## Recorded data

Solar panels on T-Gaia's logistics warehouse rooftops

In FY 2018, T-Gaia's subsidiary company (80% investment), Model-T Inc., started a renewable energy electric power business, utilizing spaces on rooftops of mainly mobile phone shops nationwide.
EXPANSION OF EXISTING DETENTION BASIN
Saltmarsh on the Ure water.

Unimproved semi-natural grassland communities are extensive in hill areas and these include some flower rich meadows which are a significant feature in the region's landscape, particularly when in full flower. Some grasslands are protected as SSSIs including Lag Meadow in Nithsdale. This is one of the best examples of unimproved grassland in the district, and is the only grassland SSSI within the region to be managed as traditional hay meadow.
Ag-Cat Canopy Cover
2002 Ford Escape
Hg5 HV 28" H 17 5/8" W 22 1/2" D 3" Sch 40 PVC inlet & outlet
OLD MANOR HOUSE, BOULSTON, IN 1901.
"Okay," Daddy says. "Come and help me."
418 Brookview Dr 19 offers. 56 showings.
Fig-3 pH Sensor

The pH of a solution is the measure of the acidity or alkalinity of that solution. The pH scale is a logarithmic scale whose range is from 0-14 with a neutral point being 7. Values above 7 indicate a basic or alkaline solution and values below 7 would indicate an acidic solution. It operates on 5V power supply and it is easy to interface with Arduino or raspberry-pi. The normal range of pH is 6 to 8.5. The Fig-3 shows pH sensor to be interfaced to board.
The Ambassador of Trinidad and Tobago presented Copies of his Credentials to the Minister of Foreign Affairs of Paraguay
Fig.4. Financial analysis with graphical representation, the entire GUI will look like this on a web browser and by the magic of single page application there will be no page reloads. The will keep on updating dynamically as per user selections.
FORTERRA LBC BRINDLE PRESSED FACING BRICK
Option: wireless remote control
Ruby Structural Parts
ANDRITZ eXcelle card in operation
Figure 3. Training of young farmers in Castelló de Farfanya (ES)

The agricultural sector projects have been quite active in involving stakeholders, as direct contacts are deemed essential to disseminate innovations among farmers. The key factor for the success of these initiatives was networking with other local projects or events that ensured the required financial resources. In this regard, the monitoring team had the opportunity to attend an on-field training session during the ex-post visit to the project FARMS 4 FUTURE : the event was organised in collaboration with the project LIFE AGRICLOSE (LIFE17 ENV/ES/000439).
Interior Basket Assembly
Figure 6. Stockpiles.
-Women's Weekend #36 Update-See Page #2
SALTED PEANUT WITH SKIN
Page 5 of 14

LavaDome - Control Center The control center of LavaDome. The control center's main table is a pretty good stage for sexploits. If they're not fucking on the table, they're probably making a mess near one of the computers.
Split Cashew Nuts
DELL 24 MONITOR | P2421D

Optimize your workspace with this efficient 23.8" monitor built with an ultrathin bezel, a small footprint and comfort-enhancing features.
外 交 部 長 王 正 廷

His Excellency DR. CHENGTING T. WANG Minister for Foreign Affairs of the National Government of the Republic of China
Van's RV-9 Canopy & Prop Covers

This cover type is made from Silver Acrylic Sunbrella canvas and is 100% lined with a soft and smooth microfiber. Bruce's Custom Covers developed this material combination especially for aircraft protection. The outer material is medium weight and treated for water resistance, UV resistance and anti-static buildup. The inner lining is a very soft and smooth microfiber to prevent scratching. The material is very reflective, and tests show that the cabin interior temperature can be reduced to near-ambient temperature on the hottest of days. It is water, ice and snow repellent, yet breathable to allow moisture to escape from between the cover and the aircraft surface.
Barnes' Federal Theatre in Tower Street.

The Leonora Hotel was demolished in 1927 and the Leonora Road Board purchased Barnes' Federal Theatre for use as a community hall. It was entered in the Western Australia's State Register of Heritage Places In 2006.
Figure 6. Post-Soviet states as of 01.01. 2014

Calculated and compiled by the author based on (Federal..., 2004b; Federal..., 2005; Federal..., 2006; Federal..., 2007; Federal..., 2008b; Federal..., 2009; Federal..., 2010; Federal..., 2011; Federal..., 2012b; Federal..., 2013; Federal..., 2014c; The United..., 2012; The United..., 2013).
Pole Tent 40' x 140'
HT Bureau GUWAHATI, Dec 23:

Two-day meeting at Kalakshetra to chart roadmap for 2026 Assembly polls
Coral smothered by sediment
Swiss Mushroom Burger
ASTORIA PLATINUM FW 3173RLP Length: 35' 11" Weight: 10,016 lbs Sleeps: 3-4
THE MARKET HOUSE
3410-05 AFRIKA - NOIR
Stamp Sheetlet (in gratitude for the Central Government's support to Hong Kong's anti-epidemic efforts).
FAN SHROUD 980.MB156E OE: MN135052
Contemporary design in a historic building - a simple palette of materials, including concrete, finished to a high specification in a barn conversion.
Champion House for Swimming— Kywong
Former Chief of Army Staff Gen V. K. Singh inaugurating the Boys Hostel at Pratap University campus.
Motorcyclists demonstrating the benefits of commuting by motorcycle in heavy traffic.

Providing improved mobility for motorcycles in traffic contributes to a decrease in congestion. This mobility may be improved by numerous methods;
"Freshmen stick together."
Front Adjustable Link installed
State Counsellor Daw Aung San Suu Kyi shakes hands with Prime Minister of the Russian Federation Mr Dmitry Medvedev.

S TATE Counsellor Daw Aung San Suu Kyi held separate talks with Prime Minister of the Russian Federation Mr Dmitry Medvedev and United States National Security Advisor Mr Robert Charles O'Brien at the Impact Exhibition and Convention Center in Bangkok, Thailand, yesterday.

## WHAT THE EXERCISE ASKS
Repeat only what lies between the first line of the data and the line containing "Saltmarsh on the Ure water.", both of those lines included, exactly as it stands.

## REPLY TO THE EXERCISE
Solar panels on T-Gaia's logistics warehouse rooftops

In FY 2018, T-Gaia's subsidiary company (80% investment), Model-T Inc., started a renewable energy electric power business, utilizing spaces on rooftops of mainly mobile phone shops nationwide.
EXPANSION OF EXISTING DETENTION BASIN
Saltmarsh on the Ure water.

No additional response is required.